Aspirin dataset: this meta-analysis, originally conducted by Edwards et al.,¹¹ evaluated 63 trials investigating the effect of a single dose of oral aspirin on pain relief (50% reduction in pain), r was also strong in magnitude (r=-0.70 [P-value=1.6×10⁶]), but there was low between-study heterogeneity (I²=10%).
Streptokinase dataset: meta-analysis originally conducted by Yusuf et al.¹² and updated by Egger et al.³ of 21 trials evaluating the effect of streptokinase therapy on mortality risk. These data presented moderate heterogeneity (I²=34%), but very little evidence of asymmetry (r=0.08, P-value=0.743). These data were used as a positive control, where all methods are expected to give similar answers.

3. Results

3.1. Simulation study

Simulation scenario 1 indicated that the confidence intervals of the fixed effects, weighted median and MBE are valid in the sense that they all achieve at least 95% coverage under the null (i.e., β = 0) and in absence of small study effects, although only the fixed effects method had exact 95% coverage (Supplementary Table 1). Egger regression presented under-coverage when the number of studies was small, but this attenuated as the number of studies increased. Conversely, the trim-and-fill method presented under-coverage that increased with number of studies, indicating that its confidence intervals are invalid (at least in our implementation of the method). The fixed effects method presented the smallest standard errors, followed by the trim-and-fill, which was slightly more precise than the weighted median. The MBE was less precise than the latter, but substantially more precise than Egger regression.

Supplementary Table 2 shows that scenario 2 lead to high values of I² and r. Under this small study effects model, the weighted median was less biased than the fixed effects model, and the MBE was the least biased among all methods (Figure 3). Those differences became more apparent as the number of studies increased. The trim-and-fill was more biased than the standard fixed effects model, and Egger regression substantially overcorrected.
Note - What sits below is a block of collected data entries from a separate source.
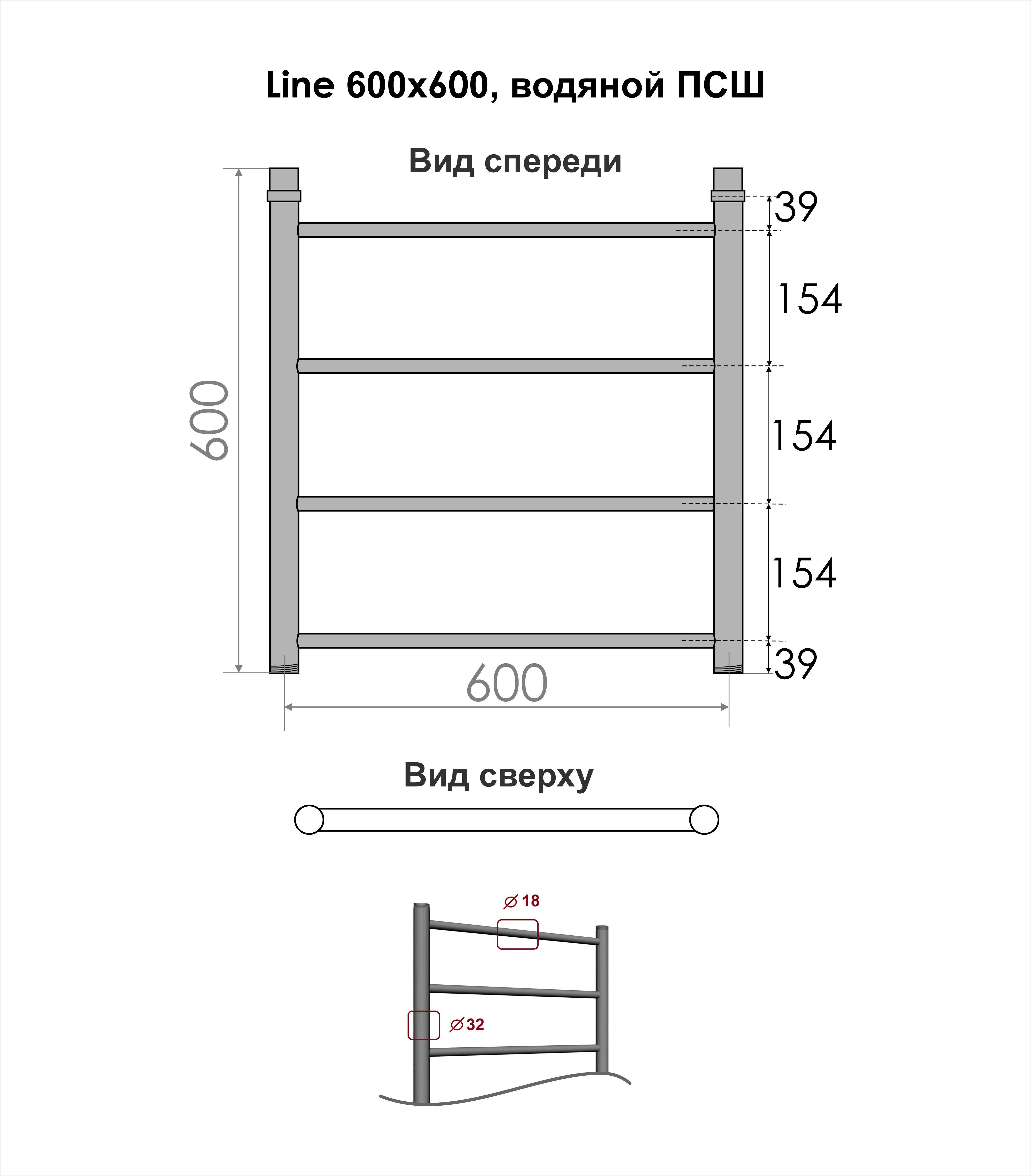 Полотенцесушитель водяной INDIGO Line в размере 600х600 (ВхШ).
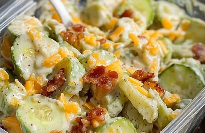 - Combine ingredients: In a large bowl, combine the cucumbers, bacon, and cheese. Pour the dressing over the salad and toss to coat.
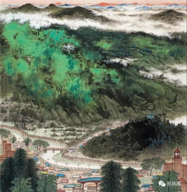 來自南京而定居于深圳的宋玉明,試圖將新金陵畫派表現(xiàn)現(xiàn)實的變革精神用于現(xiàn)代城市山水畫的探索上。作為新金陵畫派的第二代畫家,宋玉明直接承傳了宋文治表現(xiàn)現(xiàn)代太湖人居環(huán)境秀潤而精巧的家法,并將此種大山景加小民居的畫法轉用到深圳城市形態(tài)的表現(xiàn)上。這里,我們一方面可以看到深圳作為一個新興的現(xiàn)代城市借山而筑、注重自然環(huán)境在城市生態(tài)建設上的積極作用;另一方面,深圳這種與自然相統(tǒng)一的現(xiàn)代化城市建設理念,也為宋玉明進行城市山水畫創(chuàng)作提供了完美的表現(xiàn)對象。在《深圳文錦渡》等作品里,我們看到了畫家巧妙地將城市現(xiàn)代建筑與自然山水融為一體的表現(xiàn)。這些畫作,大多以勾線渲染的方法表現(xiàn)遠景中的商用或市政建筑設施,也因這些建筑被設置在中遠景,不僅減少了建筑塑造的困窘,而且突出了這些人居建筑與自然相得益彰的和諧關系。這些畫作,從嚴格的意義上說,仍然是山水畫,而宋式小散鋒皴以及云煙雨霧的渲染,也為畫面增添了幽深、恬靜、高雅、平和的意趣與境界。這些畫作,讓我們所熟悉的城市從一個相對遙遠的視角來觀看,既因距離產(chǎn)生了一種從未體驗過的美感,也較好地體現(xiàn)了現(xiàn)代城市與自然占位的協(xié)調統(tǒng)一、舒適宜居的比例關系。
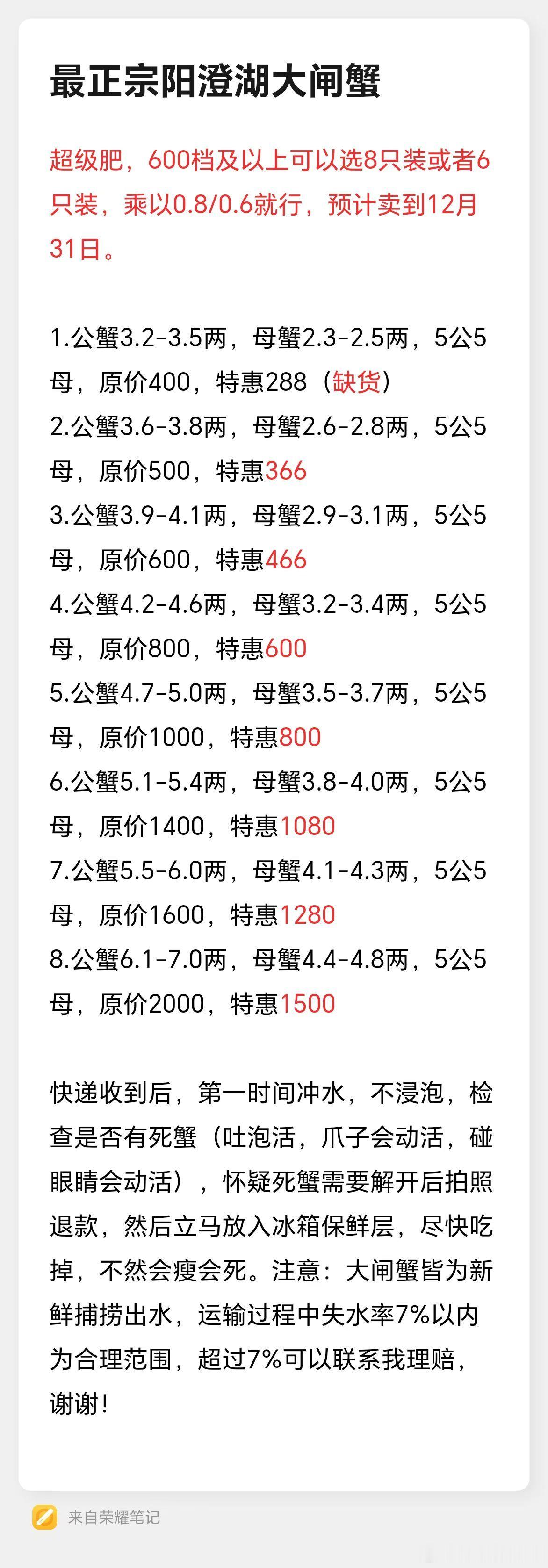 蟹季还有4天结束了,要吃蟹的童鞋,赶紧下单了,今年最后的机会了,私信我,谢谢!
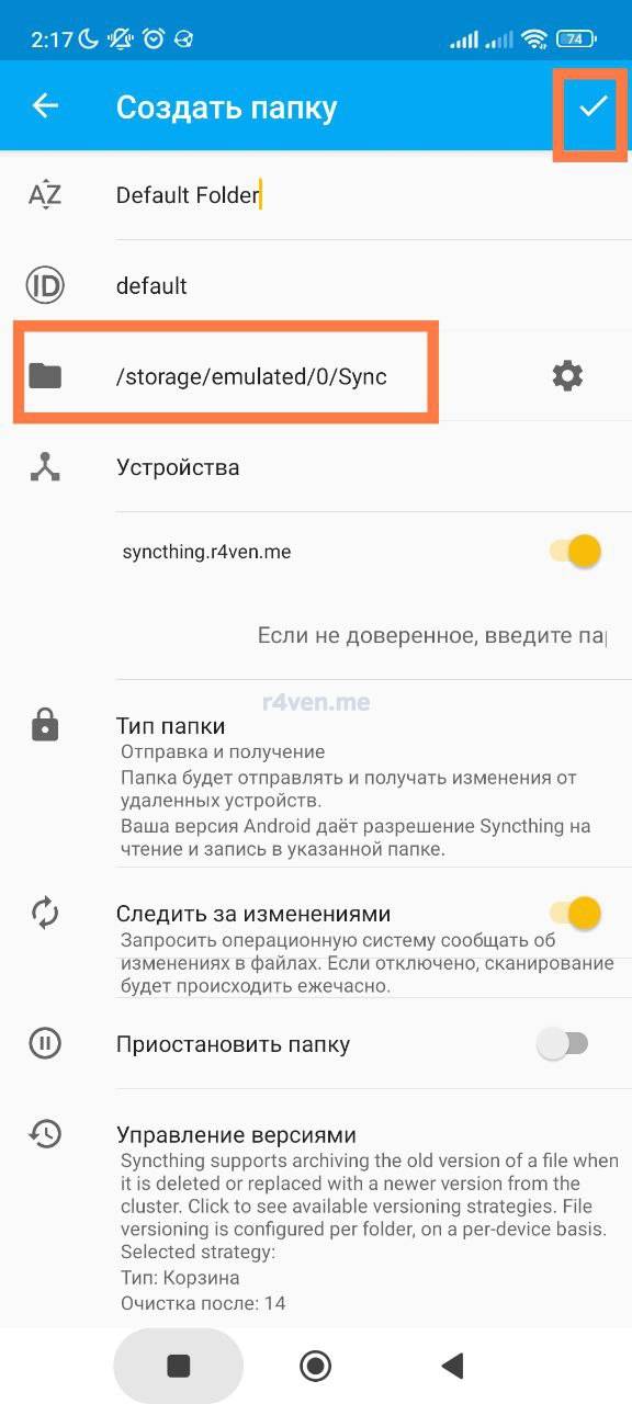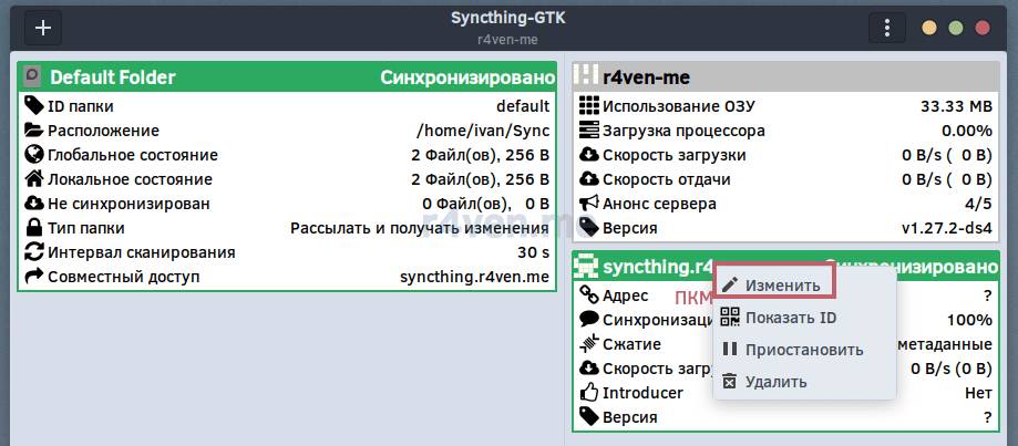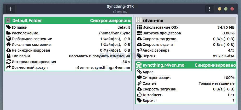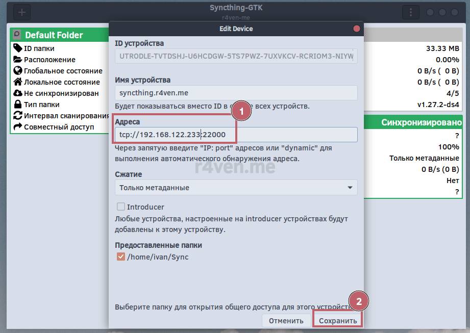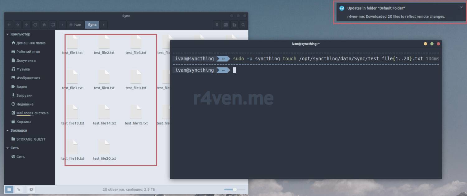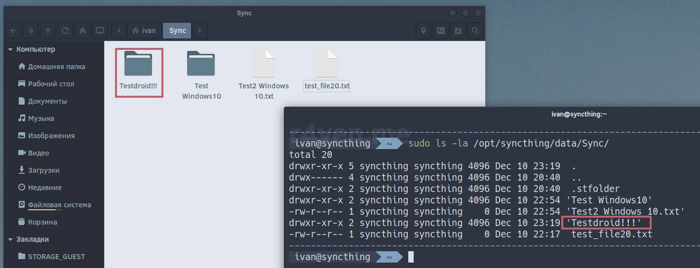 /opt/syncthing/data/Sync— на сервере;/home/$USER/Sync— на клиенте Linux (у меня это/home/ivan/Sync)
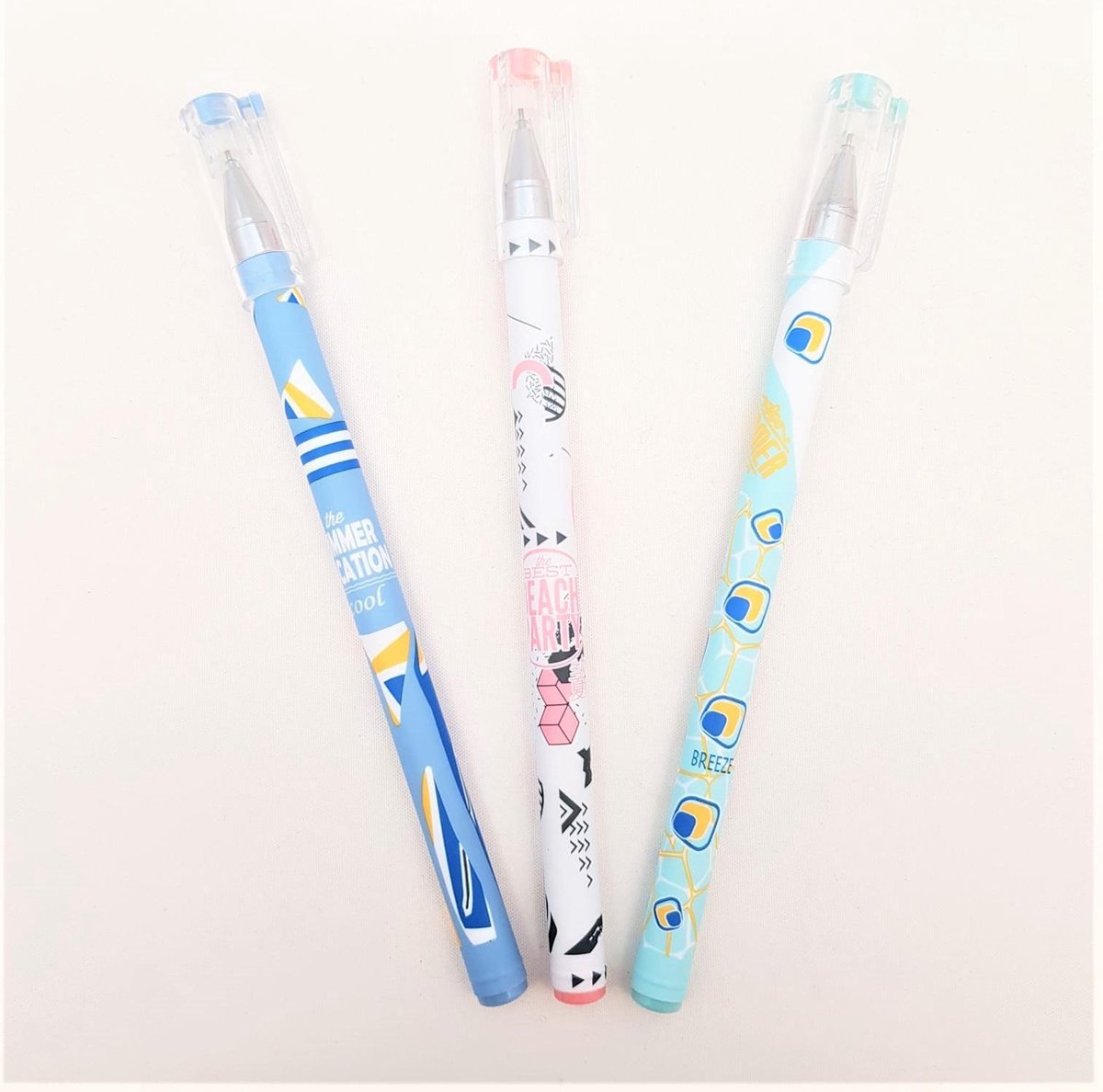 Gelpen met zomer motief met pen diameter van 0,35mm is leuk om mee te schrijven. verkrijbaar in 3 varianten.

Figure 3. Bias (solid lines) and coverage (dashed lines) of the fixed effects (black), Egger regression (red), trim-and-fill (green), weighted median (dark blue) and mode-based estimate (light blue) under scenario 2: zero true effect (i.e., β = 0), small study effects through the bias term b_j, and study sizes uniformly ranging from 100 to 5000 individuals.

The grey line indicates zero bias.

Scenario 3 lead to high asymmetry, but did not substantially inflate I² (Supplementary Table 3), and the bias in the pooled estimates was much smaller compared to scenario 2. Again, Egger regression substantially overcorrected for small study effects, and the weighted median and MBE were less biased than the fixed effects model (Figure 4). However, the performance of the trim-and-fill relative to the weighted median and the MBE was substantially different than in scenario 2: here, it the number of studies is low (K = 5), the trim-and-fill performed similarly to the weighted median, but was more biased than the MBE; for K = 5, it outperformed the weighted median and performed similarly to the MBE; for larger values of K, the trim-and-fill was generally less biased than the other methods, unless all studies were affected by small study effects (in this case, N = 6000). However, as the number of studies increased, the trim-and-fill overcorrected for small study effects when N = 1500. In general, the differences between the weighted median, the MBE and trim-and-fill were much less marked in this scenario than in scenario 2; indeed, in scenario 3, the coverage of the weighted median and the trim-and-fill was similar for all values of K.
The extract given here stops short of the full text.